TASK DESCRIPTION » For the entries below, copy exactly the line that contains "The Senate Public" through the line that contains "제도적 저항이 작동.", both ends included, and exclude all pictures.

PROVIDED RECORDS »
·····
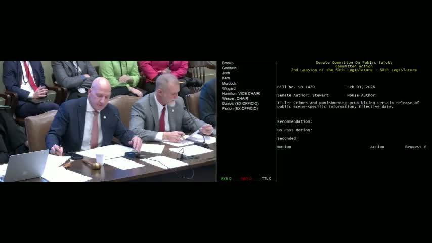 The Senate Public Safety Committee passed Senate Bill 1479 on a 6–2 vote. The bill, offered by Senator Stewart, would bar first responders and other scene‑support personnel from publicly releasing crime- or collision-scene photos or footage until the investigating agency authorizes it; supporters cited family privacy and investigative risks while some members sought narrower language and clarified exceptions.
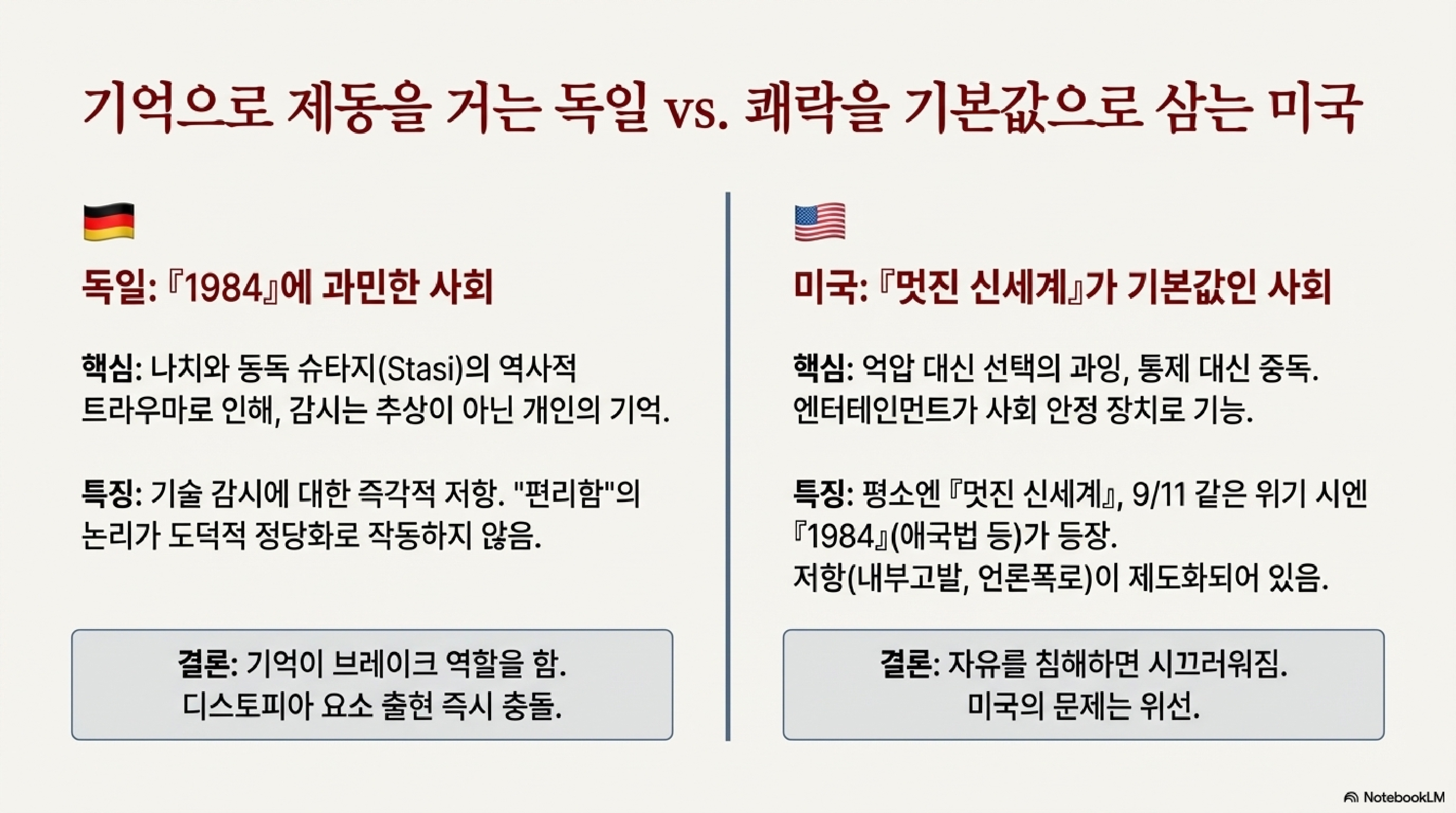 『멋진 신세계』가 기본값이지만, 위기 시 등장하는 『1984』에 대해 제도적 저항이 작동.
·····
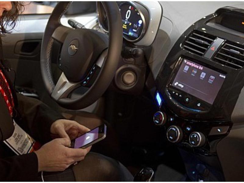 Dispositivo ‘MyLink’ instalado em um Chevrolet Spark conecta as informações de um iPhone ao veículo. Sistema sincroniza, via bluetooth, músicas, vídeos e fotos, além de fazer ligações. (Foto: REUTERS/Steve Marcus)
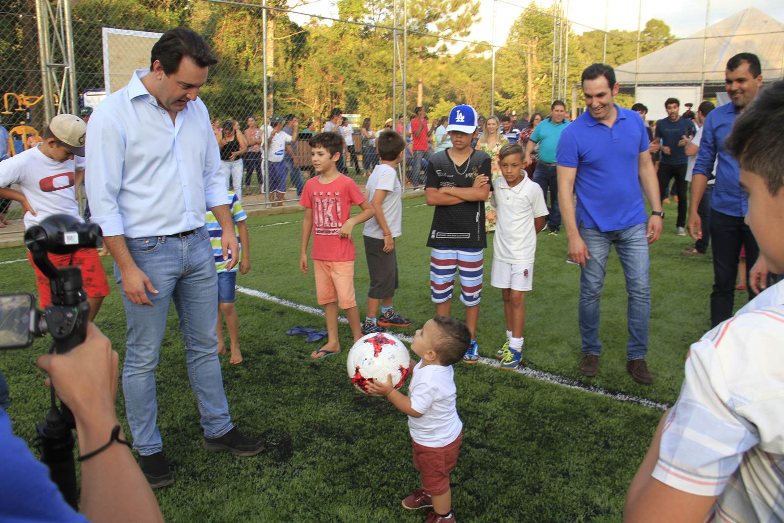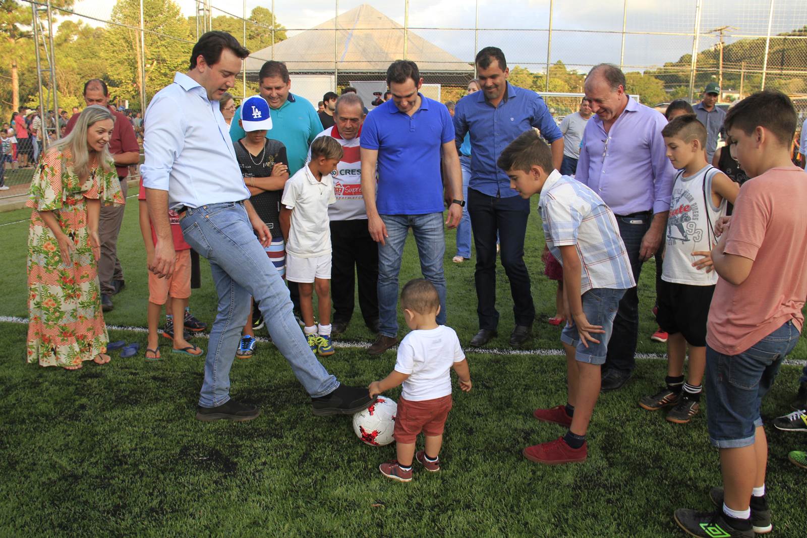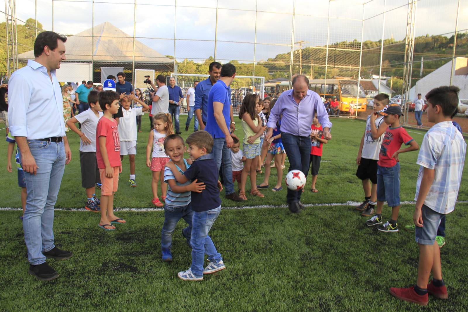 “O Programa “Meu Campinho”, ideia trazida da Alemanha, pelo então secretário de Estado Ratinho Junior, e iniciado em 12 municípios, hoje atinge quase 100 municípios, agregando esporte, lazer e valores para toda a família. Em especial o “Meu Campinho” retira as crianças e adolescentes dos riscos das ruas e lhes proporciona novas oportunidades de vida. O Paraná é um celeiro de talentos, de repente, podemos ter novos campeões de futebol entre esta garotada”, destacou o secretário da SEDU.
·····
ANSWER TO THE PROBLEM »
 The Senate Public Safety Committee passed Senate Bill 1479 on a 6–2 vote. The bill, offered by Senator Stewart, would bar first responders and other scene‑support personnel from publicly releasing crime- or collision-scene photos or footage until the investigating agency authorizes it; supporters cited family privacy and investigative risks while some members sought narrower language and clarified exceptions.
 『멋진 신세계』가 기본값이지만, 위기 시 등장하는 『1984』에 대해 제도적 저항이 작동.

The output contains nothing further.